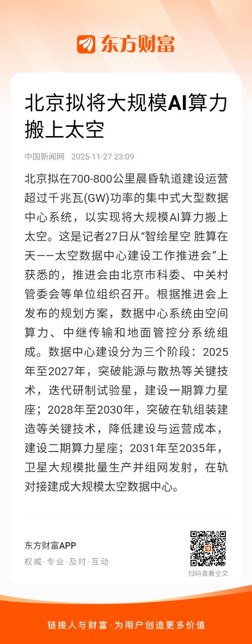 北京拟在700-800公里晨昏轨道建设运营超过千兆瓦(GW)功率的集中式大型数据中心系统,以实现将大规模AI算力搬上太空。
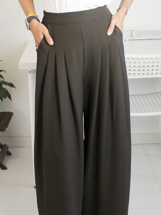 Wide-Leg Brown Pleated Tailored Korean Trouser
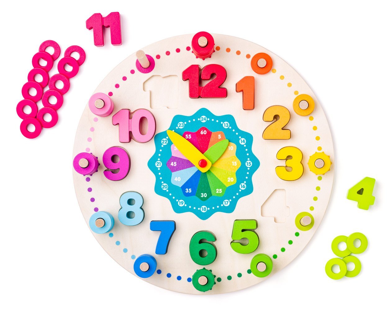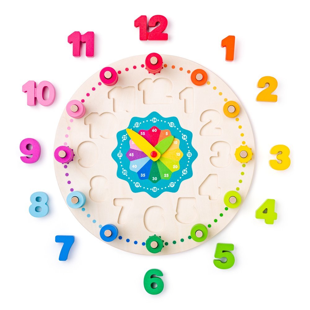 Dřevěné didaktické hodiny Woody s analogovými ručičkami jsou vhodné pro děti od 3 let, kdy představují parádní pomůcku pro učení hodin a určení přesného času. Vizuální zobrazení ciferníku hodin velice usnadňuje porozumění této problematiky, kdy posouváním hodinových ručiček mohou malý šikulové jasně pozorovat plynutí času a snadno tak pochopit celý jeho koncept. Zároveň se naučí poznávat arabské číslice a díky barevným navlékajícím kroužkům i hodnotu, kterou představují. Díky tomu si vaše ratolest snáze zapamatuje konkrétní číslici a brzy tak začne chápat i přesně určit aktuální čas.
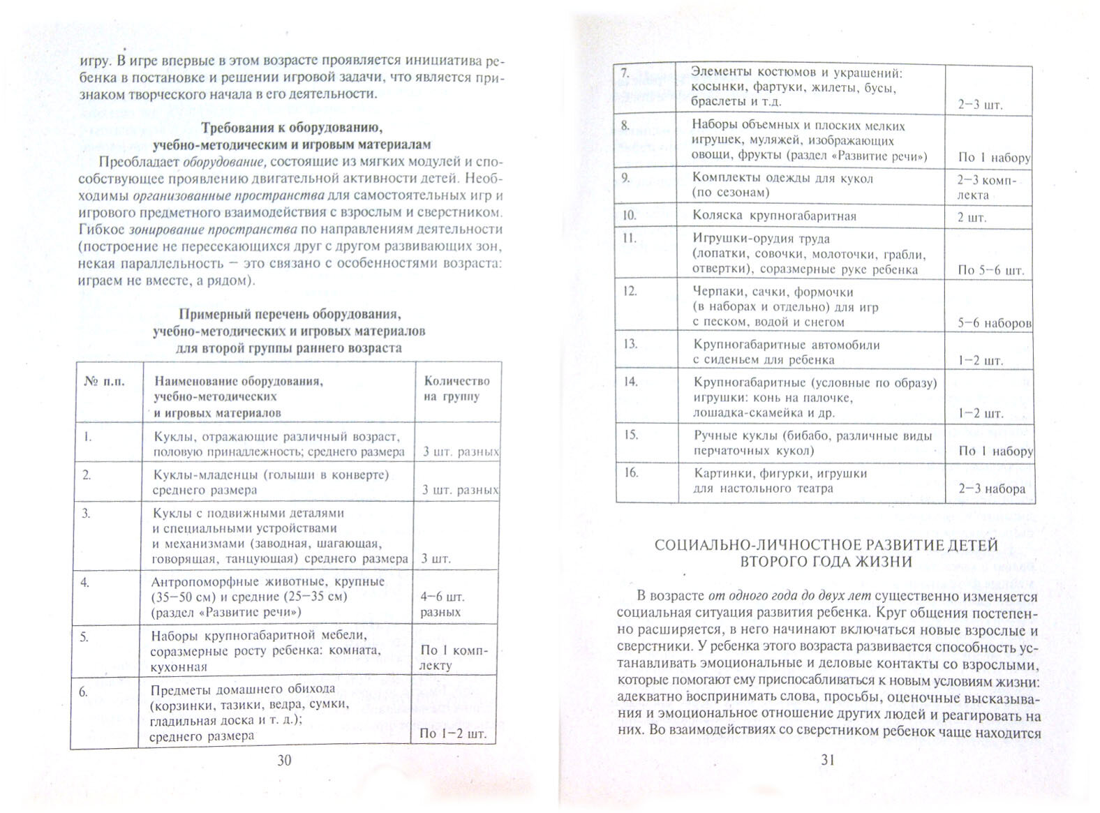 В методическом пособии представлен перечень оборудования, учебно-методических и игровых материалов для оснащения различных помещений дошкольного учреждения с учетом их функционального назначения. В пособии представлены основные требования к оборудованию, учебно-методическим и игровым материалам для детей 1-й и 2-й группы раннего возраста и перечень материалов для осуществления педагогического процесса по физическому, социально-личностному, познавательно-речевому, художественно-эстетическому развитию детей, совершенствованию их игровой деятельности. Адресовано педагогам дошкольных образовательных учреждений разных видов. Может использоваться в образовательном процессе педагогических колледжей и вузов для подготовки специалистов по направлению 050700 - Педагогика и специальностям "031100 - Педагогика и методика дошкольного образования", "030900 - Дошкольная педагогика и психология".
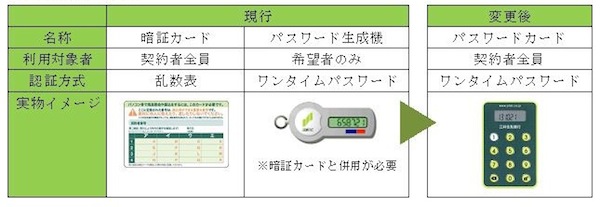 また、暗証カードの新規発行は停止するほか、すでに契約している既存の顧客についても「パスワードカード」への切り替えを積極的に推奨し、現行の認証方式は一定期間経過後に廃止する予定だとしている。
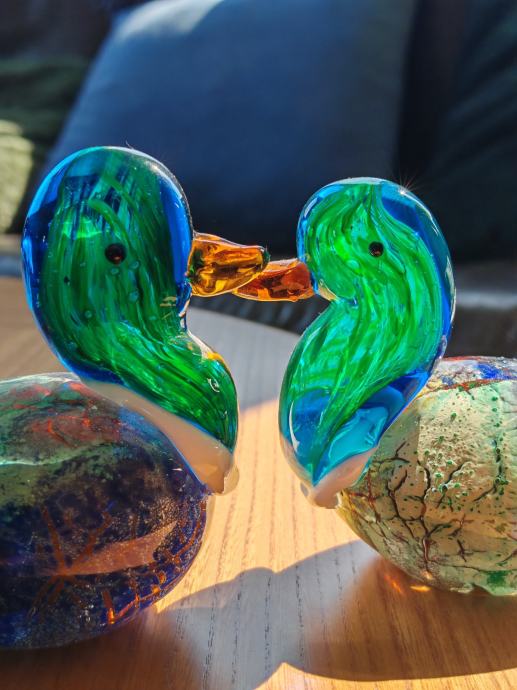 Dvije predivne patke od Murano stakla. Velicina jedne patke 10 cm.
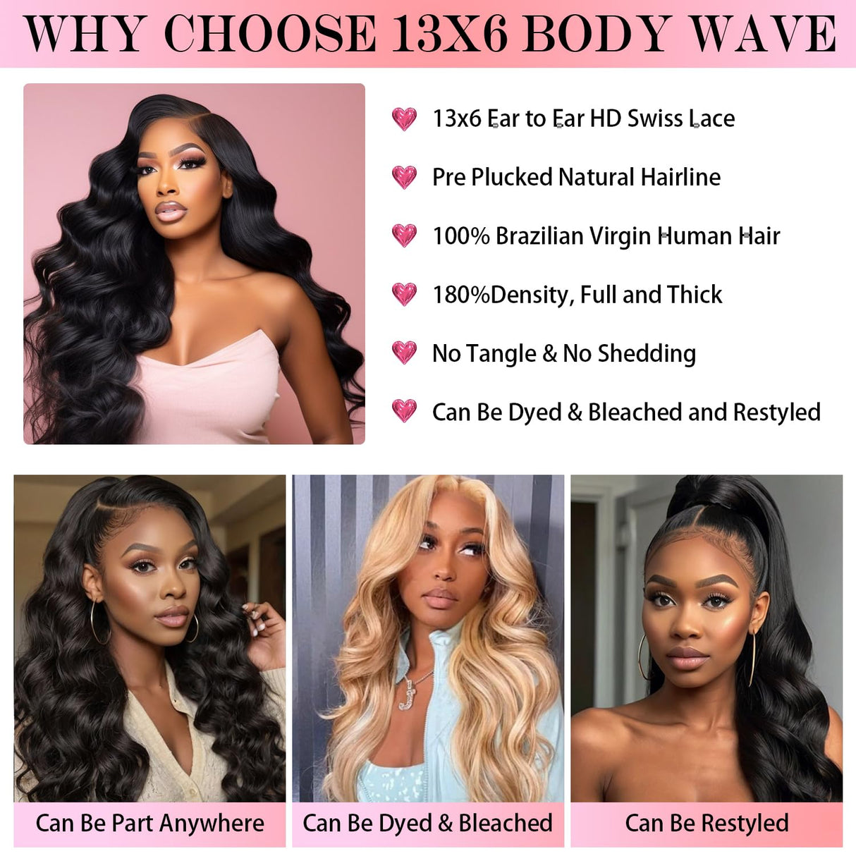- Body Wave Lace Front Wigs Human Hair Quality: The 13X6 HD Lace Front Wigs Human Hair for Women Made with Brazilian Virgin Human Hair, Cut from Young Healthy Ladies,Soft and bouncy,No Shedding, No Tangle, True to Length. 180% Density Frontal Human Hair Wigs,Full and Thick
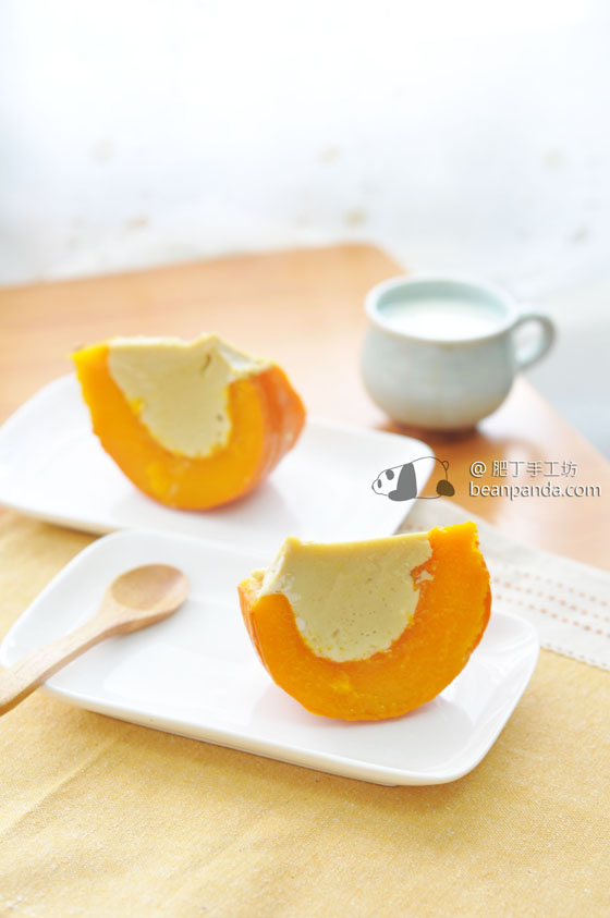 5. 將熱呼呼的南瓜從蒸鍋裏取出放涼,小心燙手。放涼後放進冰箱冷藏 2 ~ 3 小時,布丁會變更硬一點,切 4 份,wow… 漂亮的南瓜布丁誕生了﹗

* * *

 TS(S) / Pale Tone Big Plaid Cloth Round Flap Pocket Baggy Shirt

## TASK
With the pictures removed, print only the lines starting at the line that has "- Body Wave" and ending at the line that has "5. 將熱呼呼的南瓜從蒸鍋裏取出放涼,小心燙手。放涼後放進冰箱冷藏 2 ~", both ends included, exactly as they stand above.

## TASK SOLUTION
- Body Wave Lace Front Wigs Human Hair Quality: The 13X6 HD Lace Front Wigs Human Hair for Women Made with Brazilian Virgin Human Hair, Cut from Young Healthy Ladies,Soft and bouncy,No Shedding, No Tangle, True to Length. 180% Density Frontal Human Hair Wigs,Full and Thick
 5. 將熱呼呼的南瓜從蒸鍋裏取出放涼,小心燙手。放涼後放進冰箱冷藏 2 ~ 3 小時,布丁會變更硬一點,切 4 份,wow… 漂亮的南瓜布丁誕生了﹗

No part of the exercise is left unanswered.